**Exercise aim:** Having located "THÔNG SỐ KỸ", write out its line and the remaining lines of the material exactly, the last one included, but not the pictures.

**Information provided:**
/---
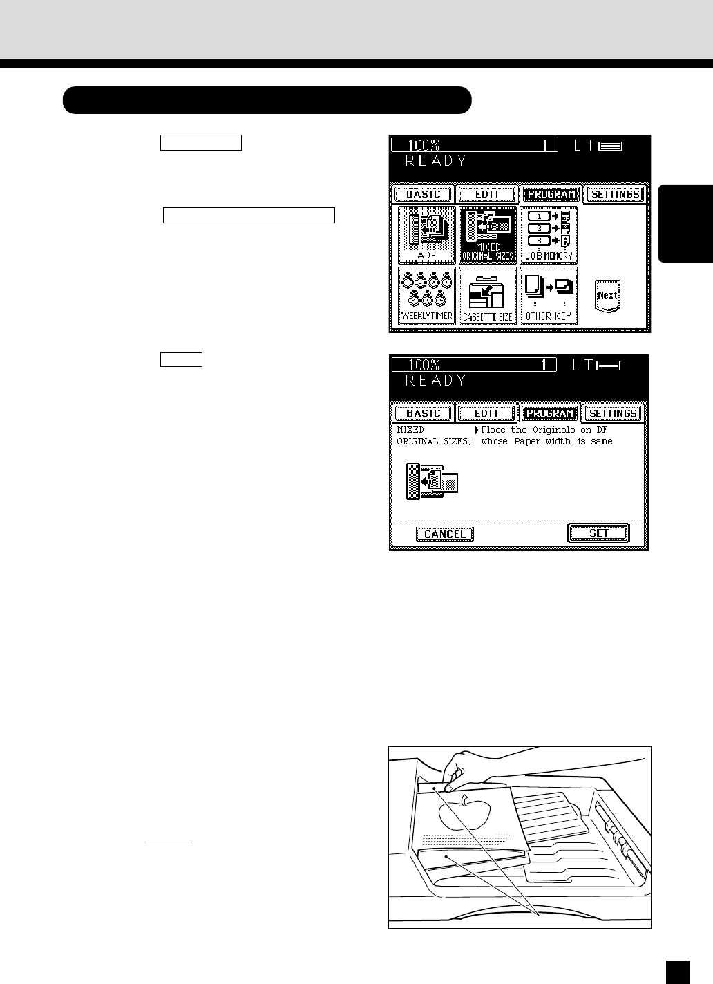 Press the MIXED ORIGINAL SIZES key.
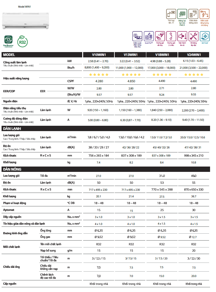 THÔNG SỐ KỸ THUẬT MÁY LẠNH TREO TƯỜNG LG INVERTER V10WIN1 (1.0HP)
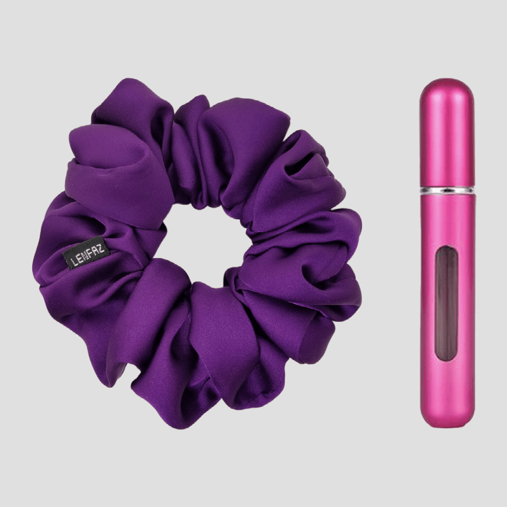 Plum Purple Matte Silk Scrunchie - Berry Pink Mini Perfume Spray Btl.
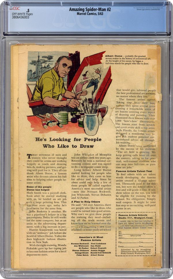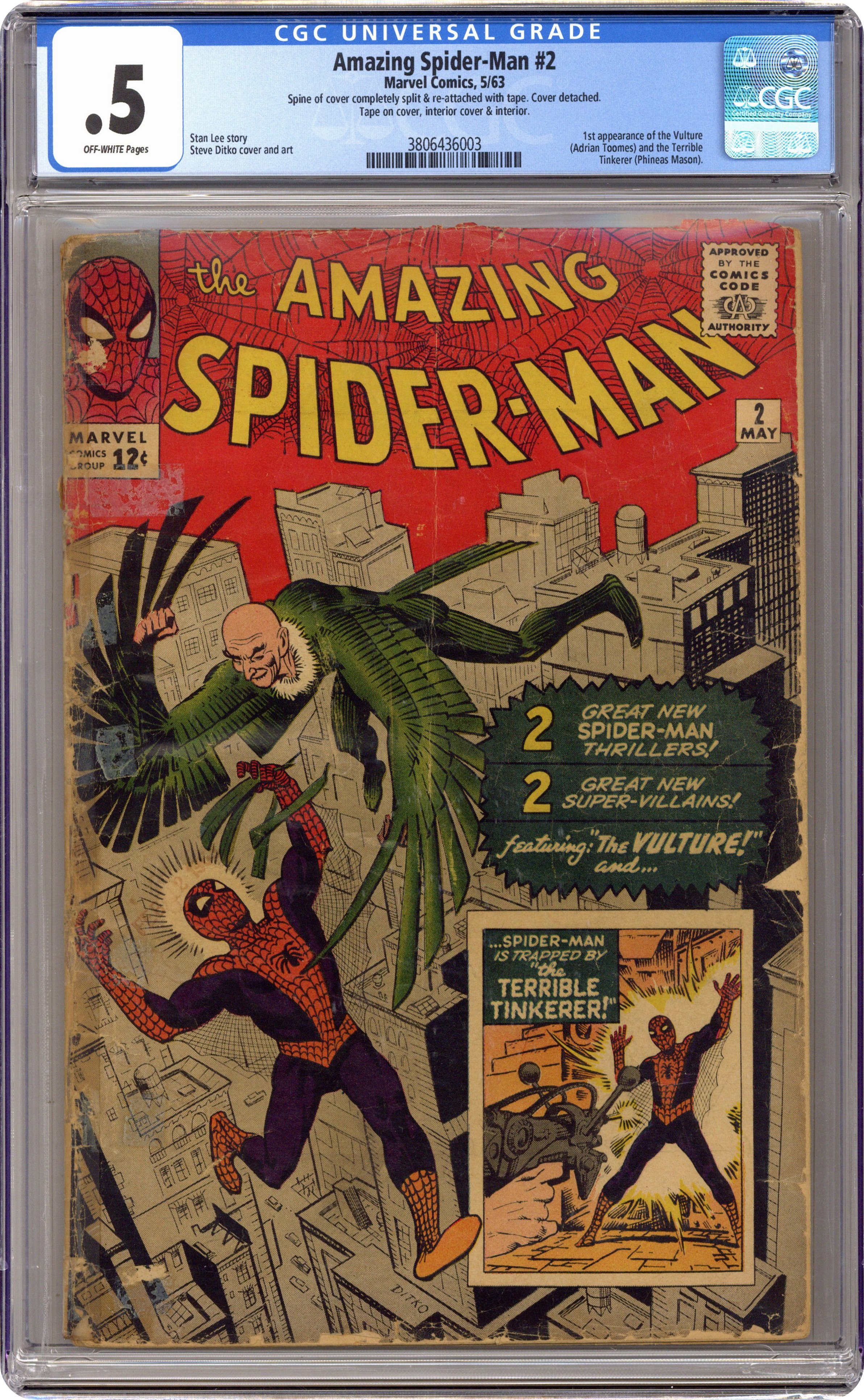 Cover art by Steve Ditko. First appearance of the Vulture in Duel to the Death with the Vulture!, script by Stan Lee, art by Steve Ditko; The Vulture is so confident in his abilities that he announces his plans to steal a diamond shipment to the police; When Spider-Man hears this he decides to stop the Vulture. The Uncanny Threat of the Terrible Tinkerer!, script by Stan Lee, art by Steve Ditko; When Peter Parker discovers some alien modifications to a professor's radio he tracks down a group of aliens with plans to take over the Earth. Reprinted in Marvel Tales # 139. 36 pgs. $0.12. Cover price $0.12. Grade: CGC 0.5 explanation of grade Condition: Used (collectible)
\---
**Result:**
 THÔNG SỐ KỸ THUẬT MÁY LẠNH TREO TƯỜNG LG INVERTER V10WIN1 (1.0HP)
 Plum Purple Matte Silk Scrunchie - Berry Pink Mini Perfume Spray Btl.
 Cover art by Steve Ditko. First appearance of the Vulture in Duel to the Death with the Vulture!, script by Stan Lee, art by Steve Ditko; The Vulture is so confident in his abilities that he announces his plans to steal a diamond shipment to the police; When Spider-Man hears this he decides to stop the Vulture. The Uncanny Threat of the Terrible Tinkerer!, script by Stan Lee, art by Steve Ditko; When Peter Parker discovers some alien modifications to a professor's radio he tracks down a group of aliens with plans to take over the Earth. Reprinted in Marvel Tales # 139. 36 pgs. $0.12. Cover price $0.12. Grade: CGC 0.5 explanation of grade Condition: Used (collectible)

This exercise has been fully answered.